Below are some records. Retype exactly the lines from the one containing "lampioni, alba, acqua." through the one containing "The new 'One", both included, skipping every picture.

- _RECORDS SHOWN_:
<<<<

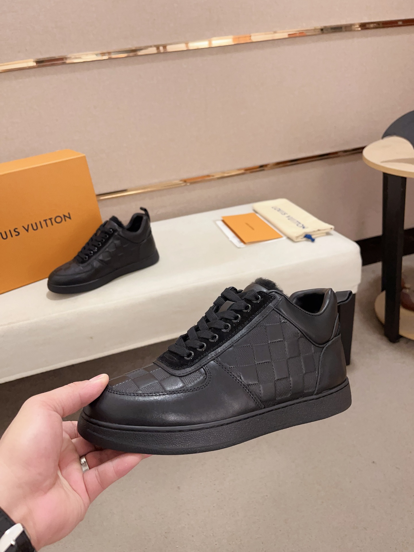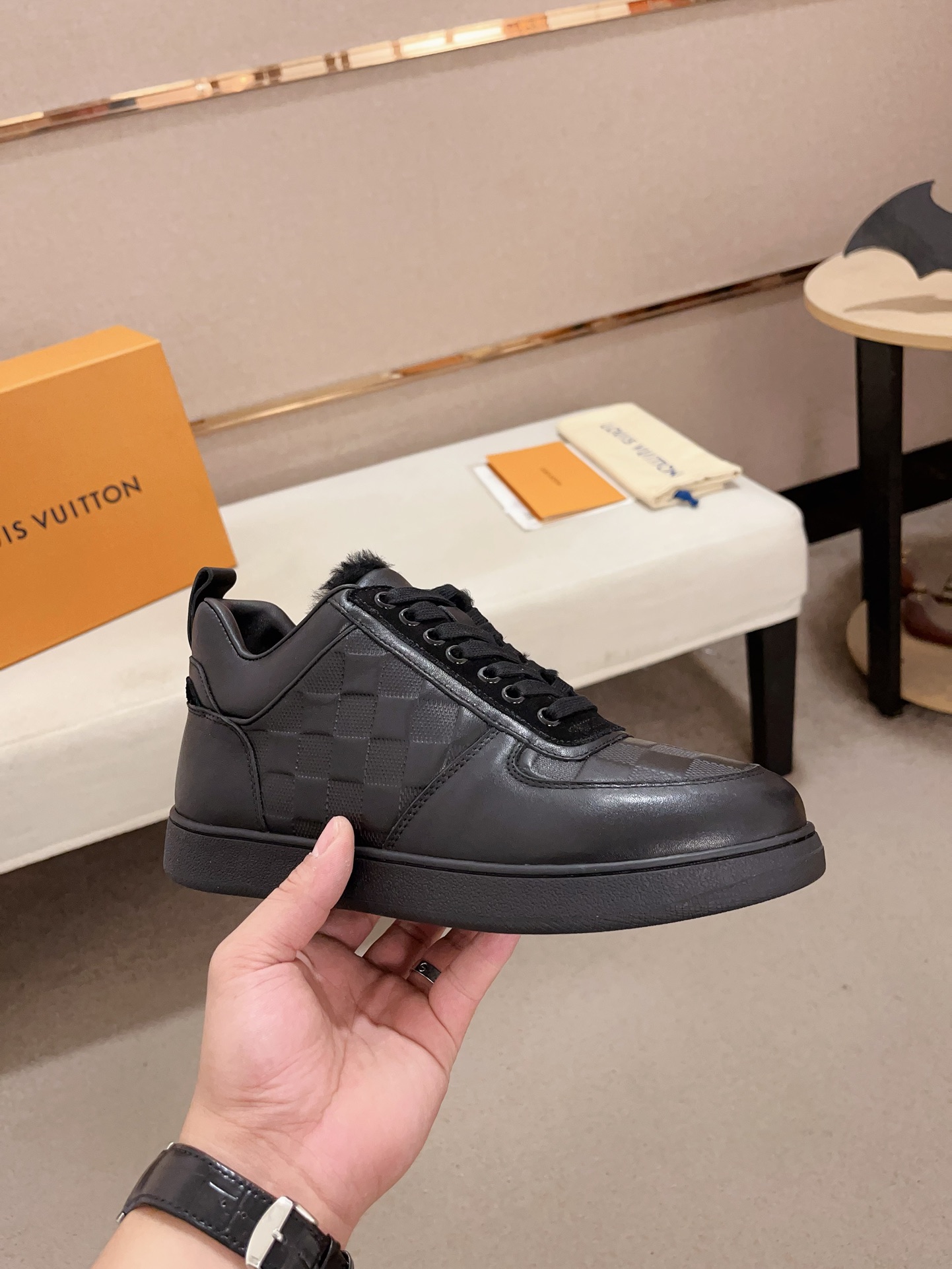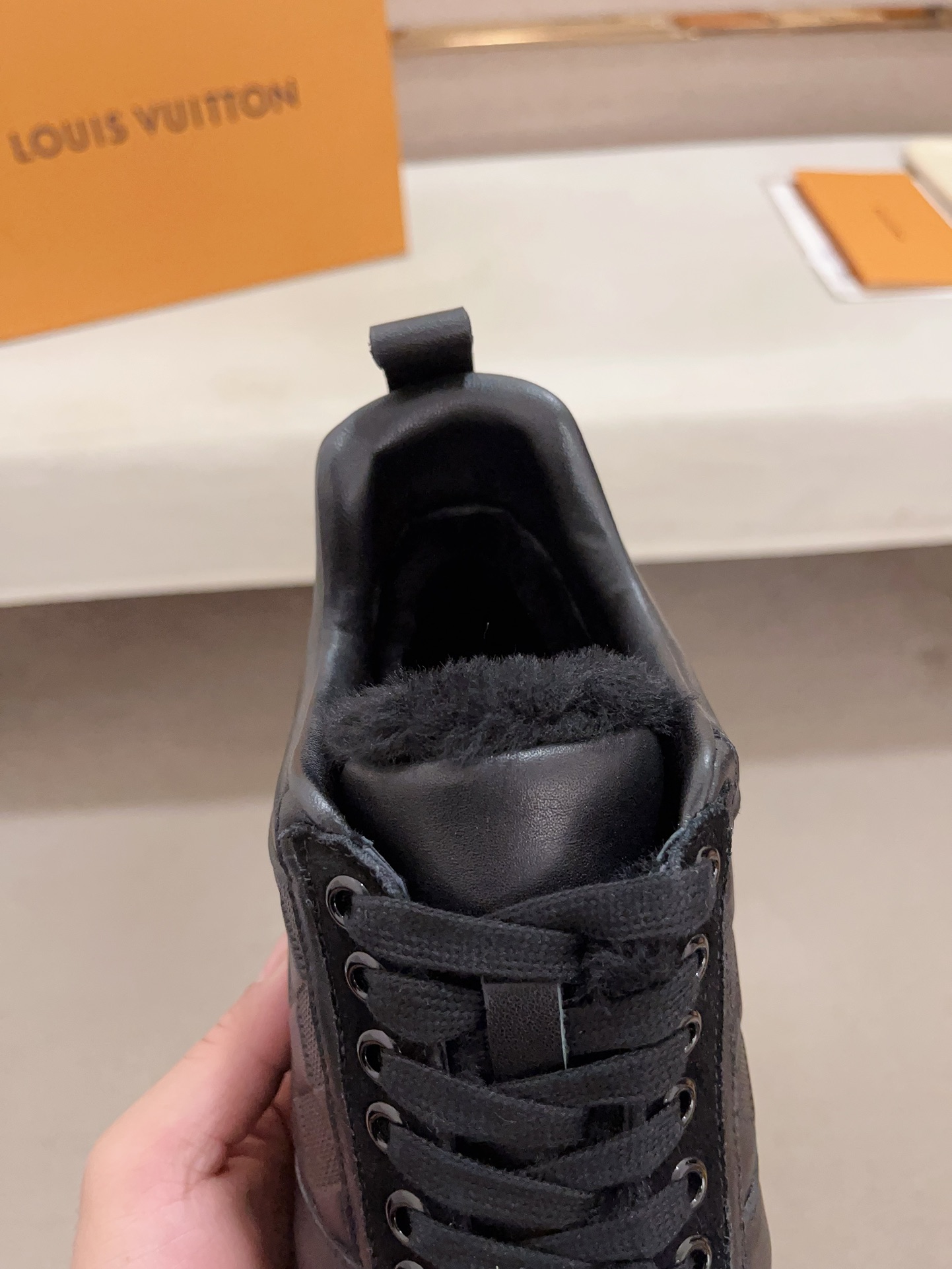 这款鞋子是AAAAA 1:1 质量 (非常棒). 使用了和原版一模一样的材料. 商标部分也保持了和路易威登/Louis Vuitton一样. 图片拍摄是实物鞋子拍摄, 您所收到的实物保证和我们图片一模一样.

>>>>
<<<<

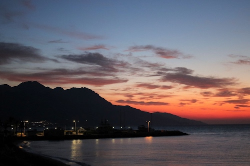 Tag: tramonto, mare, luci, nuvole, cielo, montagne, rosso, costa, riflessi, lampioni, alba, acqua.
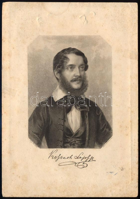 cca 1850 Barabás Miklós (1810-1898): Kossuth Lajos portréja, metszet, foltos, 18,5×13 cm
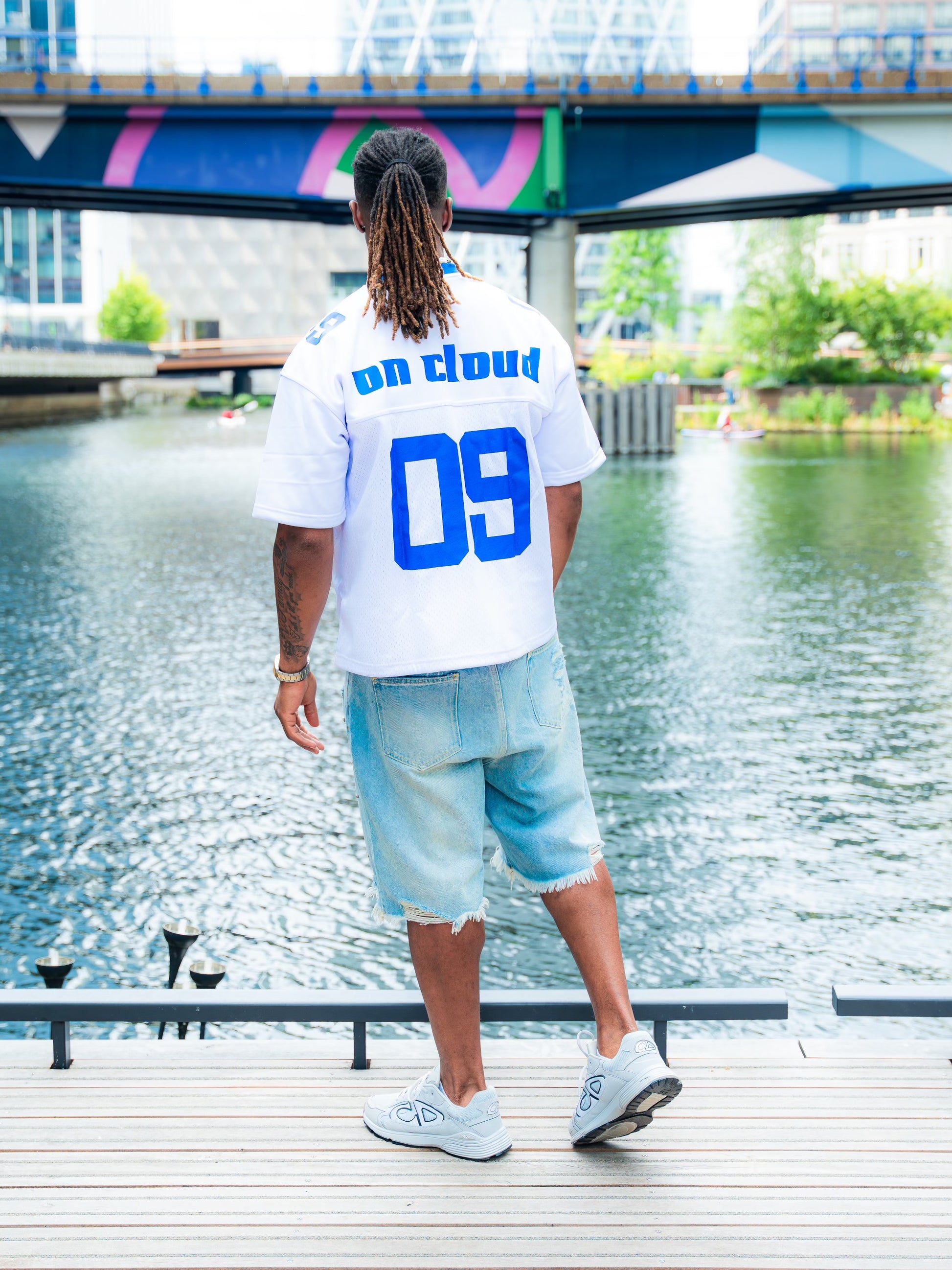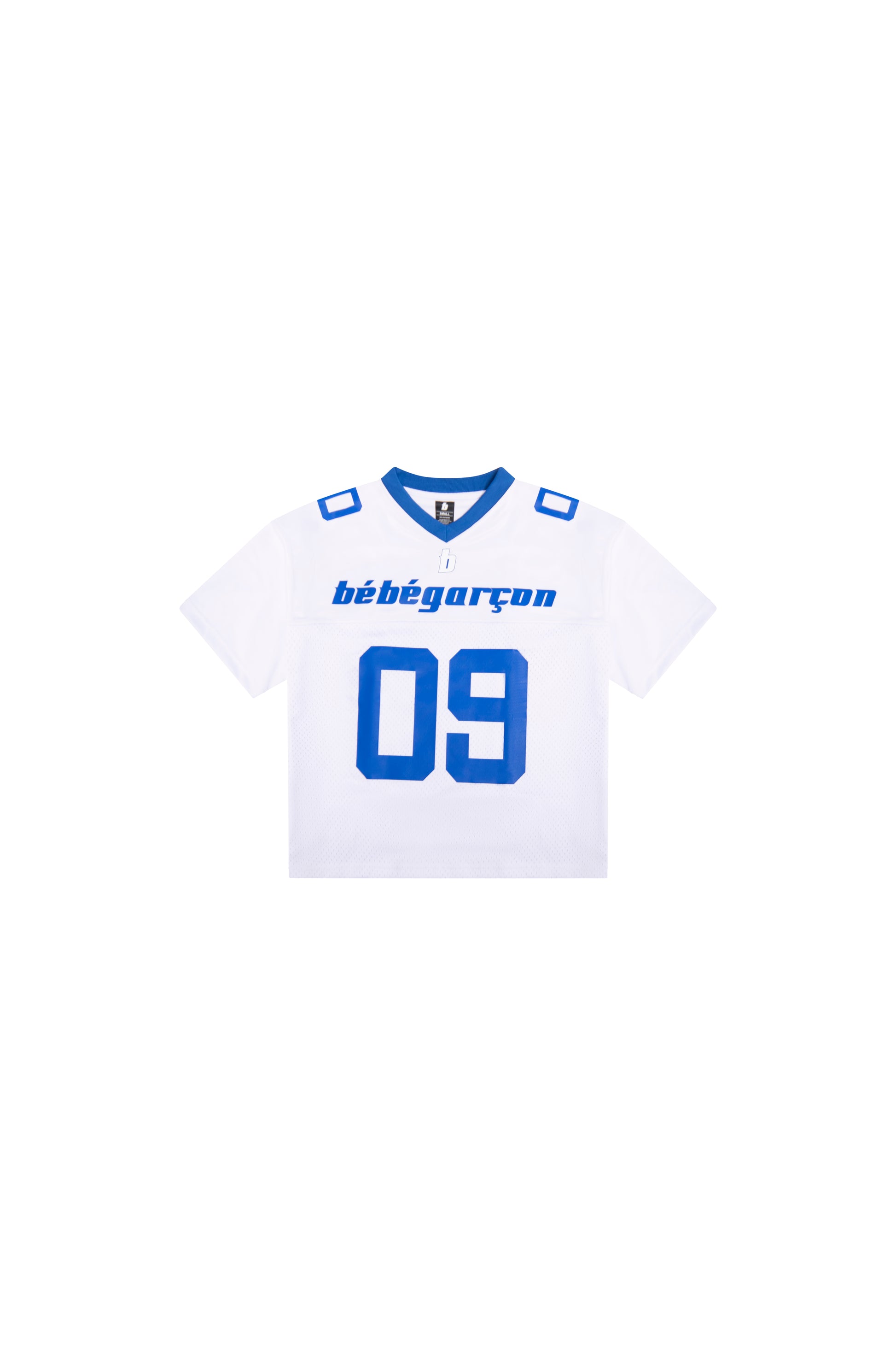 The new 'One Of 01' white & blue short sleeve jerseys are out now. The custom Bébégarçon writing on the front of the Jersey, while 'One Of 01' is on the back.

>>>>
<<<<

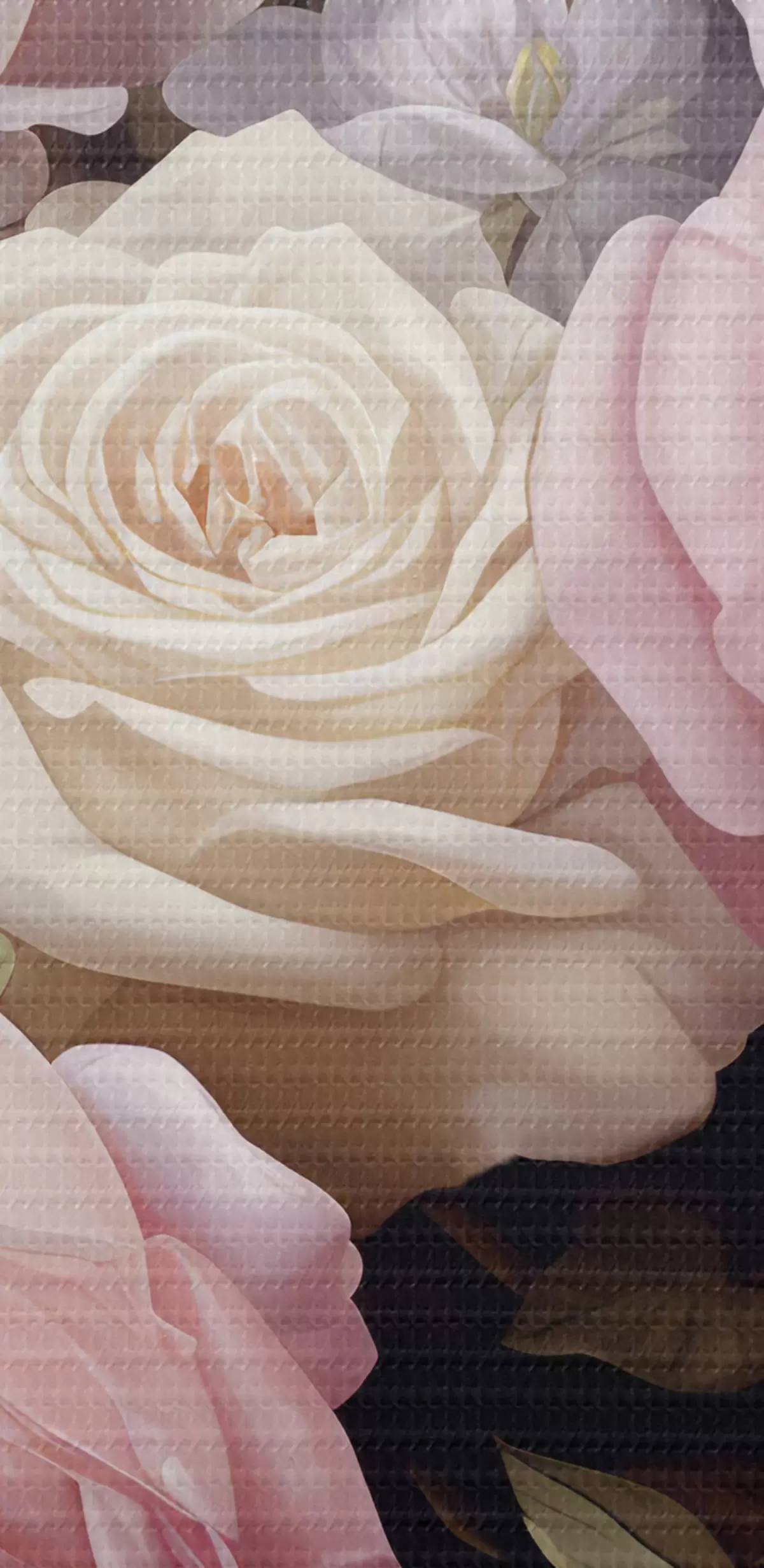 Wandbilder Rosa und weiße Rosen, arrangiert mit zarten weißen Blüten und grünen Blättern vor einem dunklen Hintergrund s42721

>>>>

- _TASK RESPONSE_:
 Tag: tramonto, mare, luci, nuvole, cielo, montagne, rosso, costa, riflessi, lampioni, alba, acqua.
 cca 1850 Barabás Miklós (1810-1898): Kossuth Lajos portréja, metszet, foltos, 18,5×13 cm
 The new 'One Of 01' white & blue short sleeve jerseys are out now. The custom Bébégarçon writing on the front of the Jersey, while 'One Of 01' is on the back.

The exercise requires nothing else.